» **Exercise**:
The answer must be an exact copy of the entries that follow, with all images removed.

[Dataset Boundary: Start]

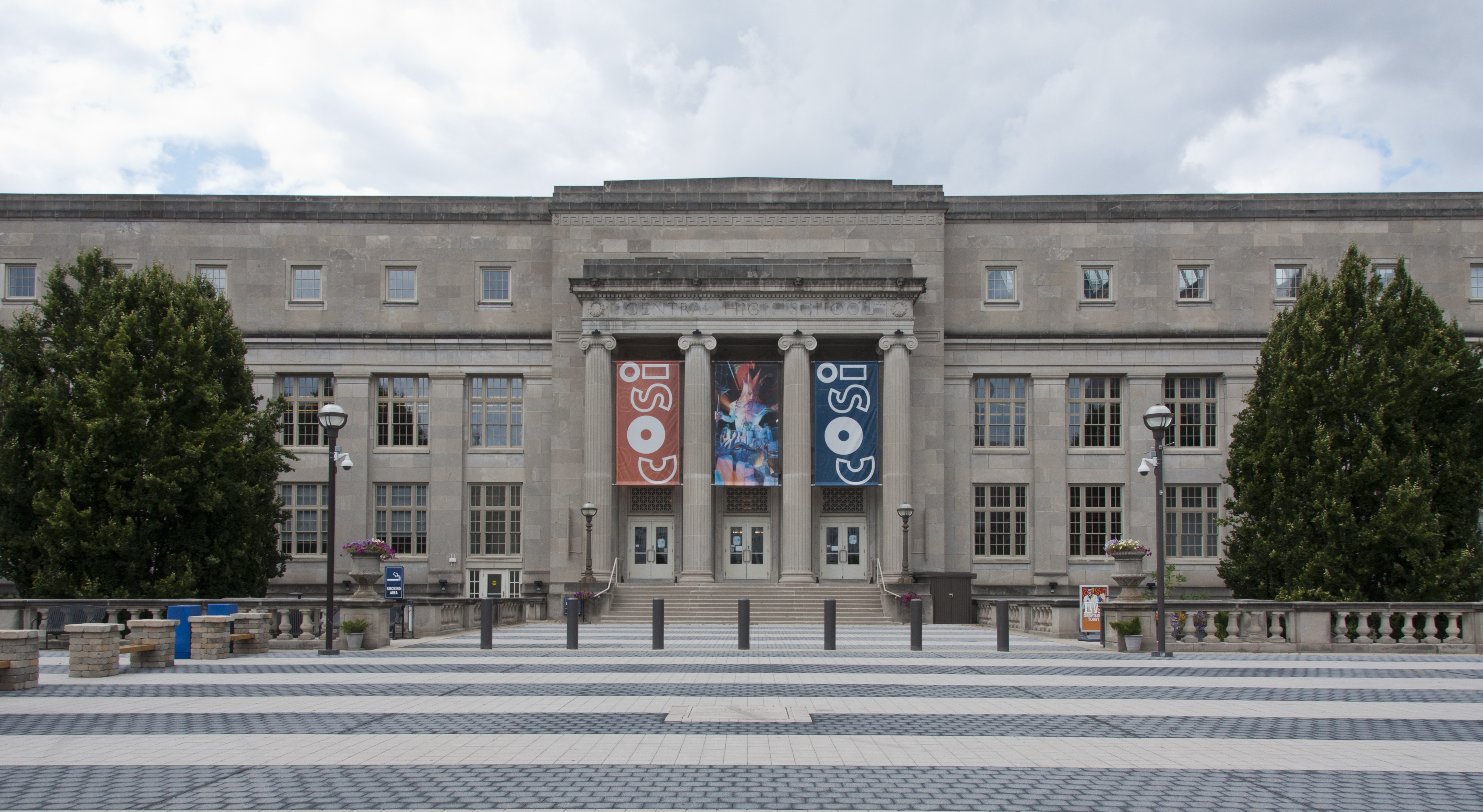 Front of the former Central High School (now part of COSI Columbus), in Columbus, Ohio, United States. Built in 1924, it is listed on the National Register of Historic Places
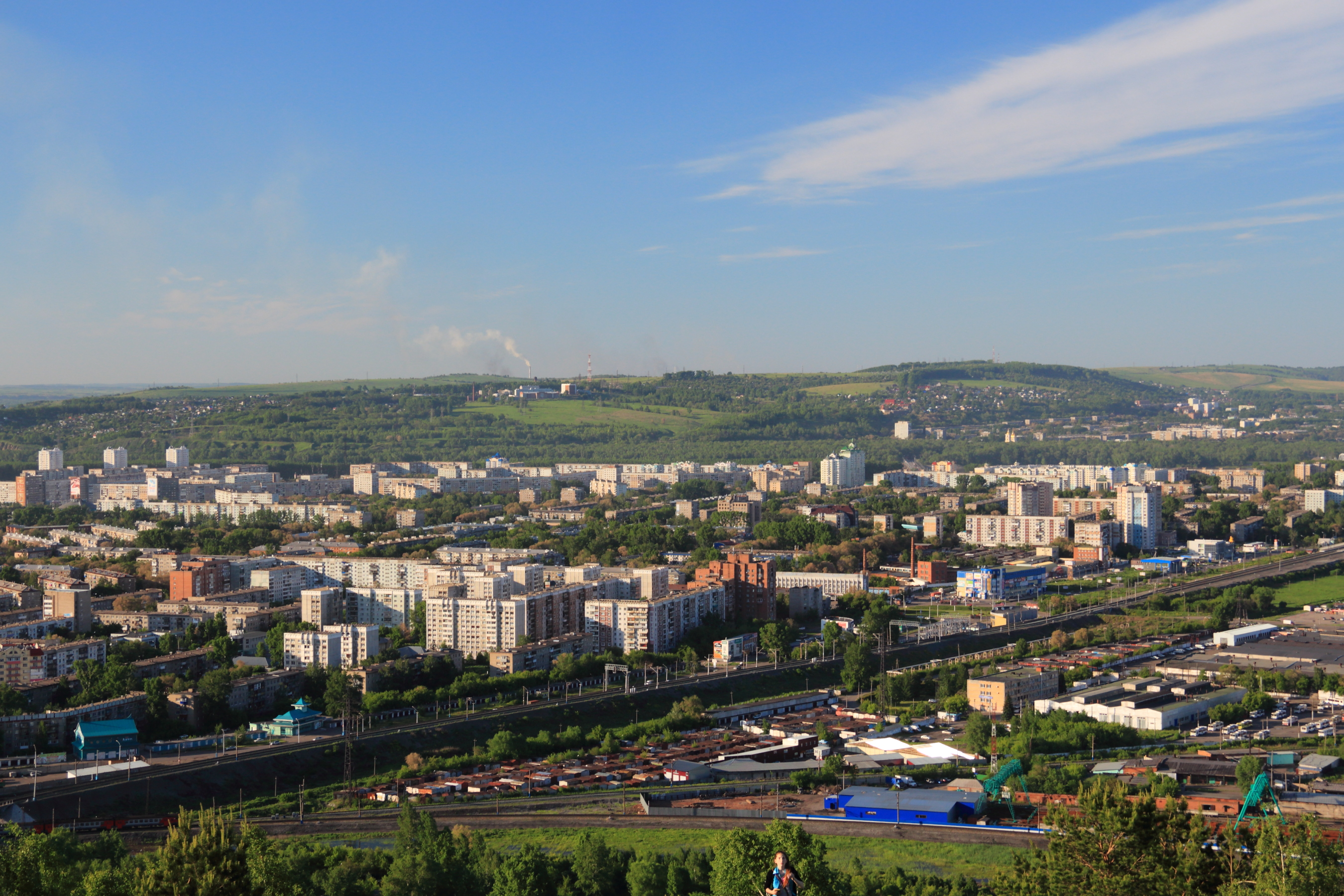 Panoramic view to Novokuznetsk from Sokoluha mount
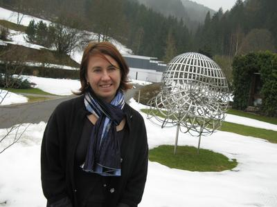 Picture of Valérie Berthé
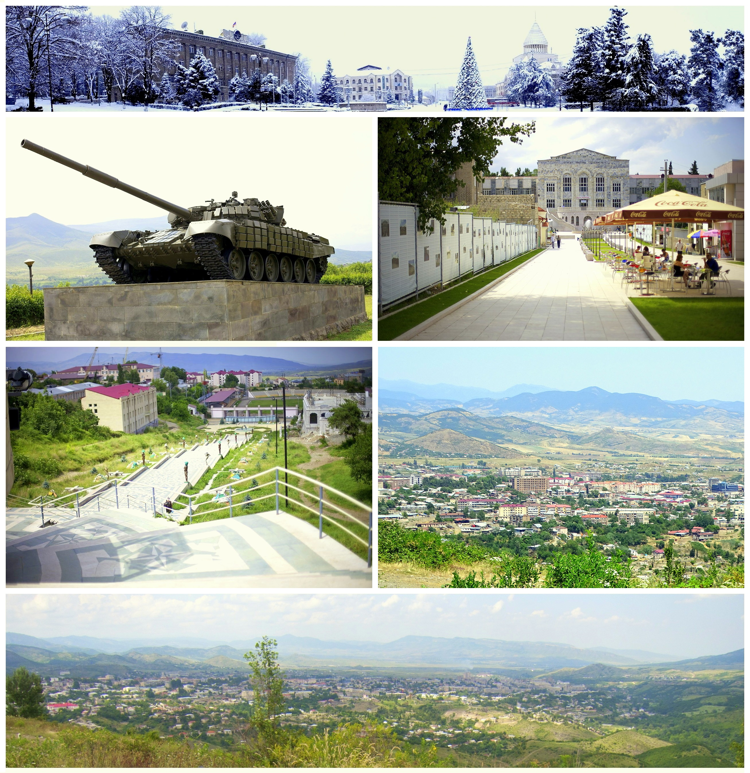 Stepanakert, Nagorno-Karabakh
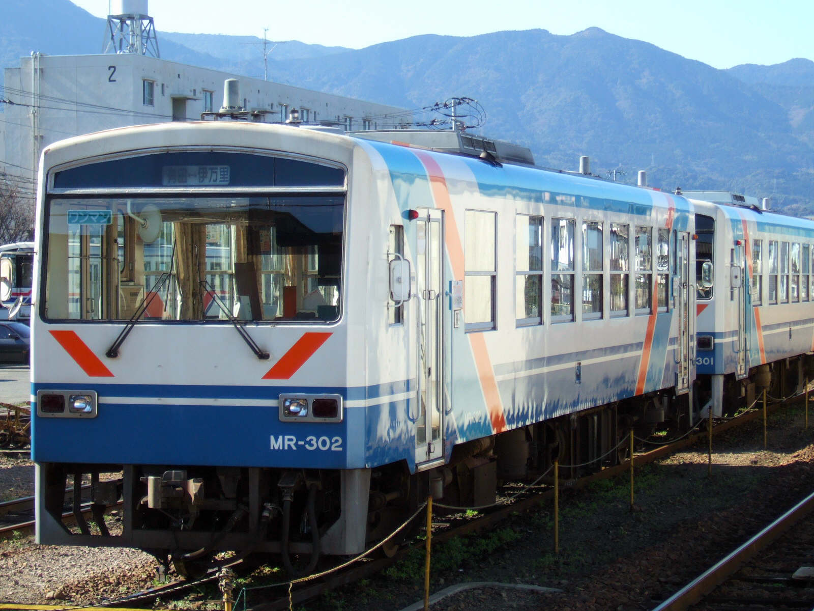 Matsuura Railway MR-300 DMU at Imari Station
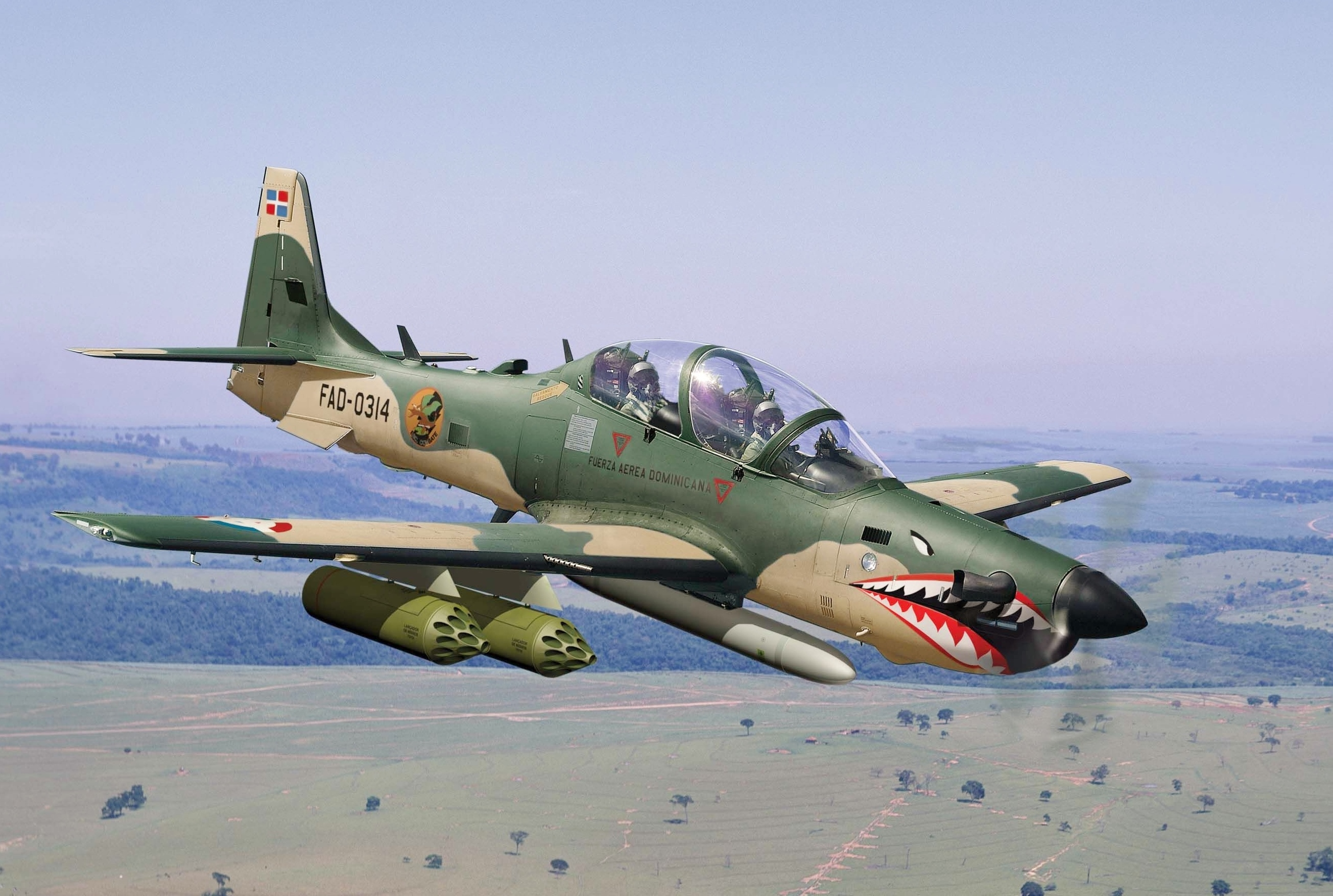 Dominican Republic Air Force EMB-314 Super Tucano

[Dataset Boundary: End]

» **Answer to this problem**:
 Front of the former Central High School (now part of COSI Columbus), in Columbus, Ohio, United States. Built in 1924, it is listed on the National Register of Historic Places
 Panoramic view to Novokuznetsk from Sokoluha mount
 Picture of Valérie Berthé
 Stepanakert, Nagorno-Karabakh
 Matsuura Railway MR-300 DMU at Imari Station
 Dominican Republic Air Force EMB-314 Super Tucano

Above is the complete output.